The short version: a girl, Phyillis Webstad, was given an orange shirt by her grandmother for her first day of school at St. Joseph’s Mission residential school in British Columbia. For those not familiar, the residential school system operated in Canada between the 1870s and the 1990s. The last “Indian residential school” closed in 1996. Indigenous Children between the ages of 4-16 were forcibly removed from their families and taken to these schools that were operated by the Catholic Church, to be “educated into assimilation.” So When Phyllis got to school, they took away her clothes, including her new shirt. And it was never returned. Phyllis has said the colour orange has always reminded her of her experiences at residential school and, as she has said, “how my feelings didn’t matter, how no one cared and I felt like I was worth nothing. All of us little children were crying and no one cared.”
Residential schools were a heinous racist policy in Canada, and weren’t that long ago. On Orange shirt day we wear an orange shirt to show our support for truth and reconciliation and to show our solidarity with the survivors. It’s important not to just slap an orange shirt on your children and send them off to school without explanation. We need to talk to them about why or tell them Phyllis’ story, what the residential school system is, and how racism affects not just the people who it happens to but whole communities, and help them empathize with the victims- otherwise you’re a part of “performative activism.” It’s a big show. Wearing an orange shirt doesn’t help anyone any more than a black square does on Instagram. It’s the discussion that’s vital!
“To stay quiet is to side with the oppressor.”
We can’t be silent. We have to talk about these things intentionally with our children. On the whole we want our children to be shielded from scary, heinous things! Most of us were raised with the impression that if we don’t talk about it, if we focus on love and light, that the bad things will fade into the past never to be repeated. Only they are being repeated. It’s not going away by ignoring it! Ignoring it allows it to spread.
There are tools, like picture books, consider Orange Shirt Story by Phyllis Webstad. I was trying to figure out how to talk to my sons about this, and I finally hit on something that seemed to make it easier for them to empathize with, to put themselves in the shoes of the victims, and to understand why the descendants of the victims are still talking about it, and still don’t trust white people.
When we’re talking about these events with our kids, it’s important we talk to them at their level.
If they’re 3,4,5,6 we’re not going to get into the mechanics and politics of it because that’s just way over their head. Leave those aspects for when they’re older and can grasp those concepts. With little kids it’s really about sowing the seeds of empathy and helping them understand what that would feel like, and therefore why it should never be repeated.
I sat down with them and I explained that white people moved from Europe, took over the country and then decided that they didn’t like the people who already lived here (indigenous people). Then I switched it up. I told them that I wanted them to imagine that blue aliens came from outer space. They looked similar to us, but they dressed differently, spoke a different language, and they just showed up uninvited. They began taking over the world and decided that all humans had to live together, they forced us out of our house, and we had to go live in a different house with only other humans. Then, one day, a blue alien showed up at our door and said that they were going to take them, the kids, to a school to live. And when they got there, they were going to take all their things, make them eat rotten food, sleep in cold dormitories, and they might not let the two of them stay together. I said imagine they would hit them any time they spoke English or cried or didn’t behave the way they wanted them to behave. They wouldn’t let them see Mommy or Daddy except maybe once a year.
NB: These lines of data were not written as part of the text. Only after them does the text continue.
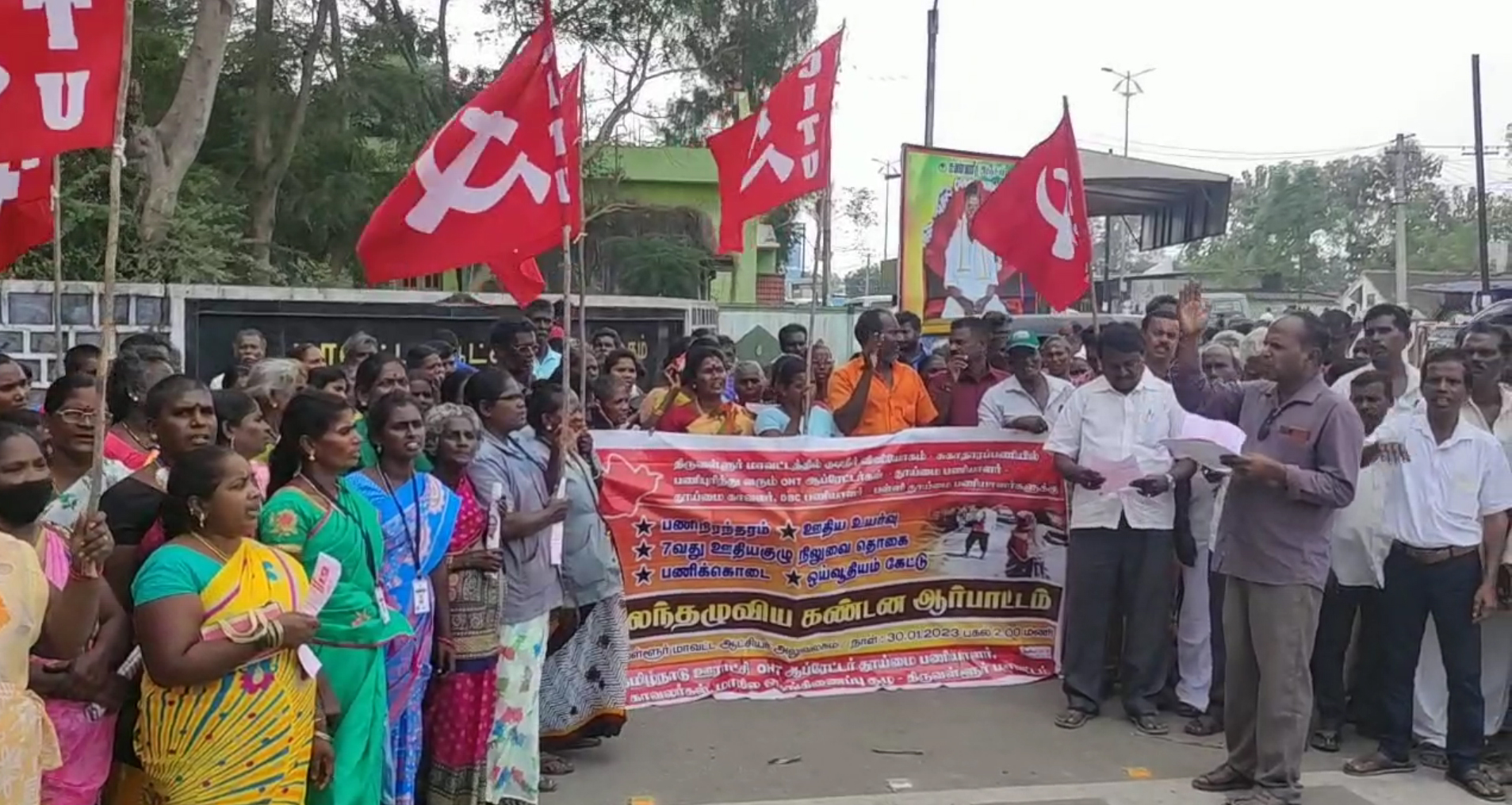 சிஐடியு சார்பில் திருவள்ளூர் மாவட்ட ஆட்சியர் அலுவலகத்தை முற்றுகையிட்டு ஆர்ப்பாட்டம்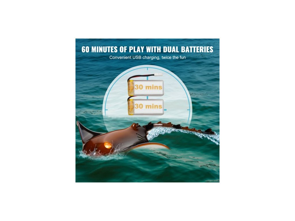 hračka manta na dálkové ovládání, 2,4 GHz vysoce simulační robot manta se světlem, 2 dobíjecí baterie, do bazénu, vany nebo jezera, RC hračka s loděmi pro chlapce a dívky od 6 let, dárek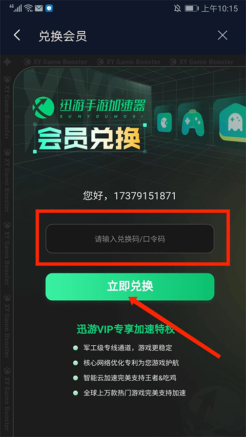 3、进入【兑换会员】界面,在输入框输入兑换码或者兑换口令后,选择【立即兑换】即可兑换会员了。

I explained that this did happen, but the people who came from Europe were white, like us. And they took the kids from the indigenous communities that were here before us, they put them in a residential school, and they did all those things to them. My 6 year old said “but then why would an indigenous kid trust white people? I don’t think they would.” And I told him, you’re right. I don’t think they would either.
Empathy and relevance made them put themselves in the shoes of the victims.
We talked about how we wear Orange Shirts on September 30th to show Indigenous people that we support them, and we will remember what happened and won’t do it again. And they both swore up and down they’d NEVER do that. And then we talked a bit about how we could help indigenous children feel safe around white people.
This whole discussion took maybe 20 minutes. My sons’ teacher commented on their orange shirts and asked the boys if they could tell the other kids why they were wearing the shirts. They did with surprising clarity, because it’s a lot easier to remember information when you experience it, even if you’ve only experienced it in your imagination.
This can apply to any historical racist event. Make the white aggressors another colour, but not a skin-tone adjacent colour, so a pink, blue, or purple. And put them in the role of the victim. Then introduce the actual story, and remind them- you’re white. You look like the aggressors. So even if you didn’t do it, you look like the people who did. And that is enough to make the victims and the descendants of the victims not trust you.
What can we do to make them feel safe?
It all comes back to safety. If we don’t feel safe, we can’t grow.
I hope that gives you an idea of how to make conversations about historical events relevant and relatable to young kids without getting caught in the weeds of the details that are over their heads. I didn’t talk about the role of the Catholic Church, and I didn’t talk about reservations in depth, or the politics – all of those are details I’ll fill in as they get a bit older and can understand those subjects. Focus on the overarching story, and connecting with details at their level, from their perspective.